Kicking off my second extension project for the folks over at Jovian.ml I took a gander through the WHO’s Life Expectancy Data with an aim of building a linear prediction algorithm. Found mirrored here, for ease of use, the dataset provides a range of health and population metrics with which to train a model.
Running this time on the Kaggle platform, the dataset was imported as a Pandas dataframe for ease of initial manipulation.
With the data imported, the first order of business was to clean and normalise the values, ready for splitting.
With the output preset as ‘Life Expectancy’, it was necessary to identify those columns which contained non-numeric data, in order to prevent processing errors. This functionality is inbuilt to Pandas, simplifying the problem from a technical perspective, but a quick look through the headings will turn up ‘Country’ and ‘Status’ as the likely offenders.
With these identified, and bound to a variable, it was time to start the pre-processing.
A copy of the entire dataframe is first made, and the missing data dropped. This step is essential to preventing later errors. Datasets often require cleaning prior to processing becoming possible, and this is a frequent part. Despite the 20 something headers, it is not a given that data will exist for all rows in all categories.
With these removed, the previously identified non-numeric categories can be processed into numerical equivalents. Whilst ‘Country’ as merely a tag of sorts for the data, will not be used, the processing of ‘Status’ is of interest.
The column contains two categories
Developing which can be seen as a binary option. This will present values between 0 and 1.
The data will now be split into two principle categories:
Out of the available categories, ‘Life Expectancy’ is already confirmed as the target. Therefore it, ‘Country’, and ‘Year’ can be removed from the Input data, as the two are unlikely to have a direct causal relationship with the target.
Of the two, ‘Year’ is more likely to be of use, however any relevance between recent events and life expectancy would be outside of the scope of the data availabe, and hence should not be a focus for the model.
With extraneous and missing data removed, it would seem the work is done. Yet this is not the case.
In the various categories, values for data range between single figures and the millions. With this varience, it will be extremely difficult to build a linear model that accounts for the chaotic nature of the relations.
The data must first be standardised.
There are a selection of methods availabe for standardising data, including min-maxing, range division, data centering, and standard deviation division. Of the available tools z-score scaling was selected.
By first calculating the mean of the data, taking it away from the values, then dividing by the standard deviation, the data can be both centered and scaled appropriately.
Whilst not pursued in this iteration of the project, it would be recommended with much larger datasets to prevent crossflow of the data by isolating sets that belong to the same country, and ensuring they are evenly distributed whilst remaining contiguous.
The Inputs and Target datasets have now been prepared, dropping from some 2500+ values to 1649. They are converted to a numpy array with the .values() call for easier manipulation as PyTorch tensors.
This done, both sets are then converted to tensors, and 12.5% of them are split to form a validation set discrete from the training data. Values are stored as
float32 rather than
float64 values to lower hardware costs in the later fitting steps.
Data loaders are constructed, with the batch size set at 64, in order to shuffle the data into batches for processing.
Next, the model itself is constructed.
As recommended by the course notes, the model used it structured according to that provided by Aakash, the website CEO, and course leader. Over the course of testing, I experimented with a couple of different loss calculation mechanisms, but the unsmoothed l1 loss method appeared to produce the best results.
On instantiation, the class loads the model with randomised values, ready for training. Gradient data is maintained in order to calculate the direction of movement for the later training.
Evaluation and fit functions are defined, and the model is ready for training.
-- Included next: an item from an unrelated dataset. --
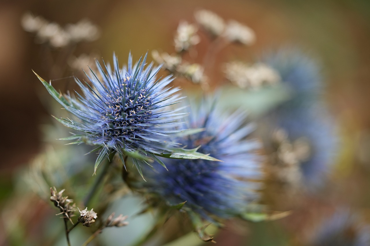 エリンジウムは、地中海原産の草花。いくつかの品種があり、小さな花が球状に集まって、ポンポンのような形になります。葉っぱやガクにはトゲがあり、主にブルーやシルバーの花を咲かせます。

As expected from randomised constants, the first evaluation loses a significant amount of data, and is wildly inaccurate as a result.
With a learning rate set at 1e-1 and running for 100epochs (loops through the training and evaluation system). The accuracy improves immensely.
As can be seen from the graph, the accuracy improves at a constant rate until the reaching of a plateau at around data loss 2.9, representing an accuracy of 95%.
Playing around with reinstantiating the model, which will pick a different start point for the stochastic gradient descent process, the highest the accuracy got was 98%, though this can be considered something of a fluke.
It was an interesting week, and, barring technical difficulties, enjoyable.
See you all again for the next installment.